Brief:
Exact copies of the lines below, from the one with "右腿向前中位正踢,膝节伸开,脚腕勾起,脚尖向上;右 掌下拍右腿;左掌协动。(图3-4-33 )" up to and including the one with "Пожилой кавказский мужчина, держащий", are what this calls for; leave out pictures.

Data for review:
┌──
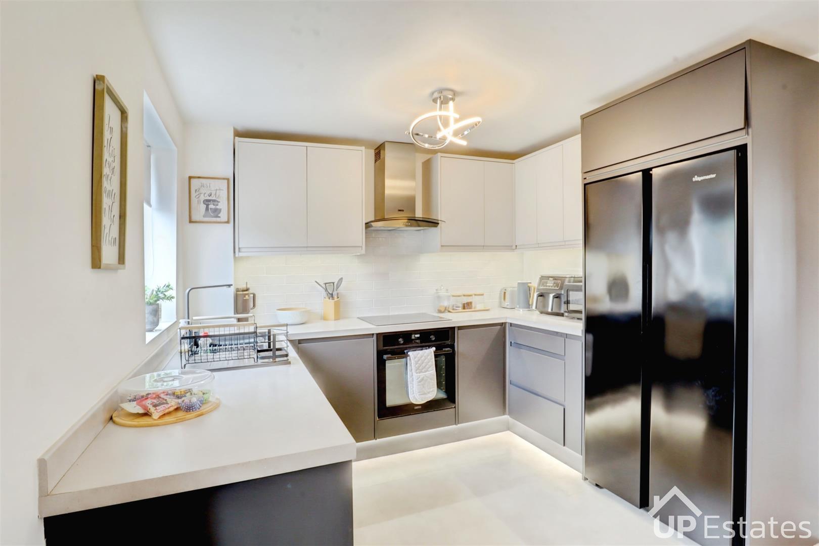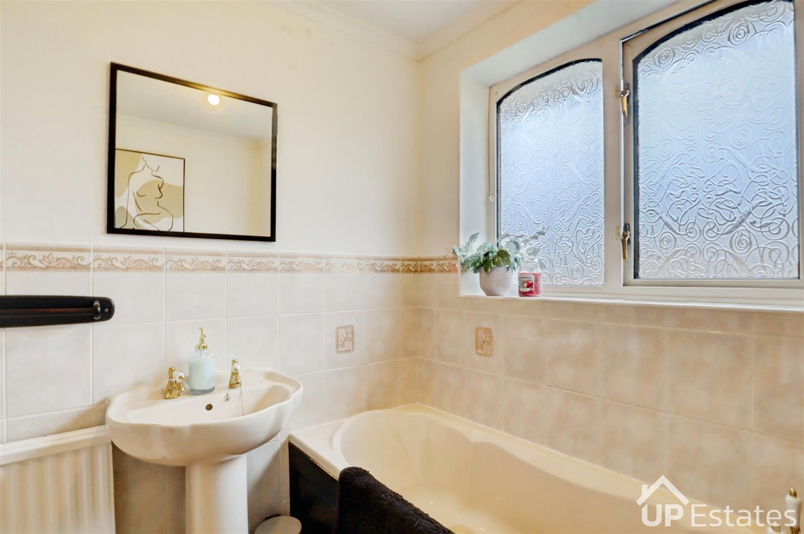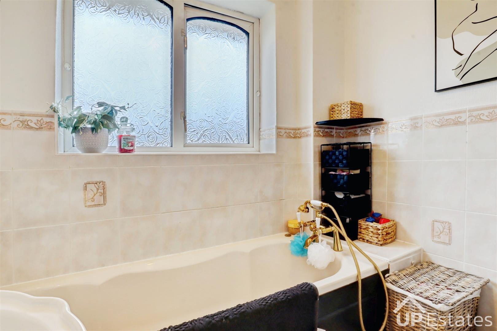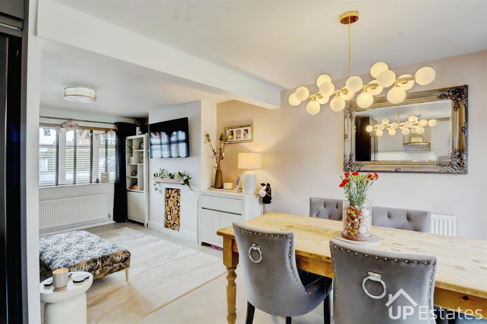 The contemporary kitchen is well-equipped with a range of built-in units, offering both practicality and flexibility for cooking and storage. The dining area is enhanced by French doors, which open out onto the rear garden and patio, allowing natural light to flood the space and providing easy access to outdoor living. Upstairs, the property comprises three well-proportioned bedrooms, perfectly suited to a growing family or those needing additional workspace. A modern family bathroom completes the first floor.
└──
┌──
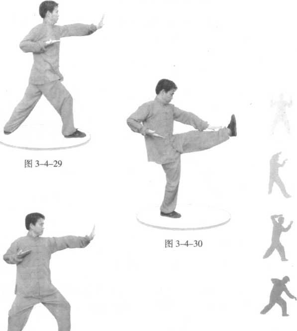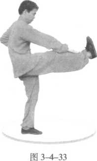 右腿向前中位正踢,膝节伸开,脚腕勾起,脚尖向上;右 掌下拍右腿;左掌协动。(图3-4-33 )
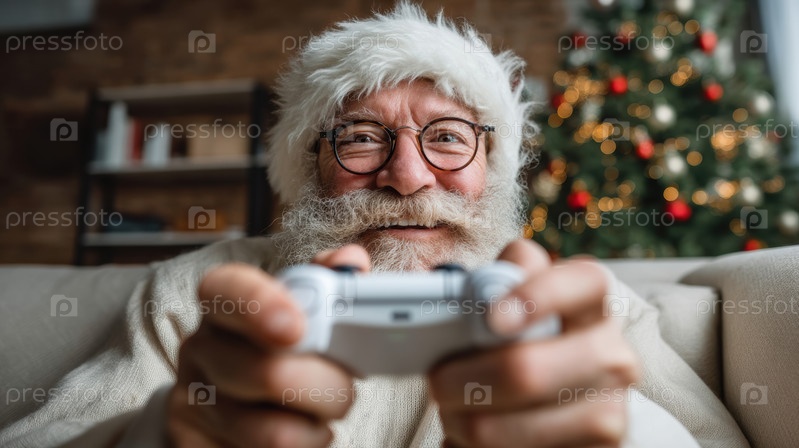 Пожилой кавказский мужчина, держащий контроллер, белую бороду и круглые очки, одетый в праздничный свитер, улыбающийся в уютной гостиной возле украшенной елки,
└──
Result of the exercise:
 右腿向前中位正踢,膝节伸开,脚腕勾起,脚尖向上;右 掌下拍右腿;左掌协动。(图3-4-33 )
 Пожилой кавказский мужчина, держащий контроллер, белую бороду и круглые очки, одетый в праздничный свитер, улыбающийся в уютной гостиной возле украшенной елки,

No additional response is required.